In the theatre such a dispositive consists of a combination of a basic rules’ set according to which the game of the theatre is played, based on the material conditions for realizing this artistic practice, with a stage on which human as well as supernatural figures appear. In order to play chess, we need a board with 64 alternate black and white squares arranged in an eight-by-eight grid, a set of rules for how the 16 pieces of each player move and how the game proceeds in order to declare the winner. The combination between the material conditions and the rules for playing the game enables us to consider the theatrical event as a complex machinery which meticulously coordinates a wide range of different features and activities. The theatrical machinery is not only defined by its more or less sophisticated use of material technologies - the stage-machinery, as well by the use of perspective and lighting, stage sets and props, and also by the appearance of the (live) actor, performing a character (as well as frequently playing her- or himself) activating this machinery, becoming integrated within it. Thereby, through this process, through the game and through such a machinery that are the material conditions of the theatrical play, actors and actresses become transformed into a work of art. The art of acting is unique in the sense that the artist transforms him- or herself into a work of art during the performance itself.

The notion of the ‘dispositive’ (dispoitif in French) was introduced by Foucault during the late 1970, who explained that it consists of a

[…] heterogeneous ensemble consisting of discourses, institutions, architectural forms, regulatory decisions, laws, administrative measures, scientific statements, philosophical, moral and philanthropic propositions - in short, the said as much as the unsaid (Foucault, 1980FOUCAULT, Michel. The Confession of the Flesh. In: GORDON, Colin (Ed.). Power/Knowledge: Selected Interviews and Other Writings. New York: Pantheon Books, 1980. P. 194-228., p. 194-195).
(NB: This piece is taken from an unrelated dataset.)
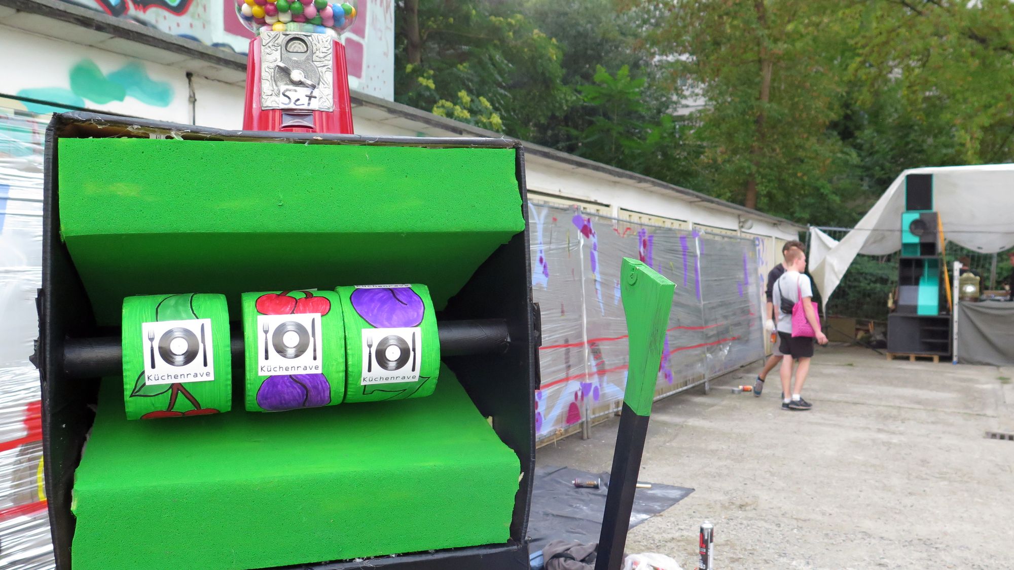 Punkrock im CampingstuhlIm Garagengelände wird gesprüht. Ein riesiger Spielautomat soll zum Spenden animieren. Apropos Spenden. Auf dem ganzen Fest gab es nur freiwillige Preise. „Das hat funktioniert“, berichtet Sebastian vom Organisationsteam. „Wir sind uns sicher, dass wir die Unkosten wieder eingespielt haben.“ Falls es einen Überschuss gibt, soll der weitergespendet werden. Die vier Vereine, die bedacht werden sollen, wurden vorher von den Anwohnern ausgesucht.

According to Foucault, the dispositive is “the system of relations that can be established between these elements” and what we must investigate in particular, he continues, is “[…] the nature of the connection that can exist between these heterogeneous elements […] [because] between these elements, whether discursive or non-discursive, there is a sort of interplay of shifts of position and modifications of function which can also vary very widely”. Such a dispositive is constituted by an open-ended playfulness, constantly generating new combinations for ‘playing the game’, even becoming ludic (Foucault, 1980, p. 194-195).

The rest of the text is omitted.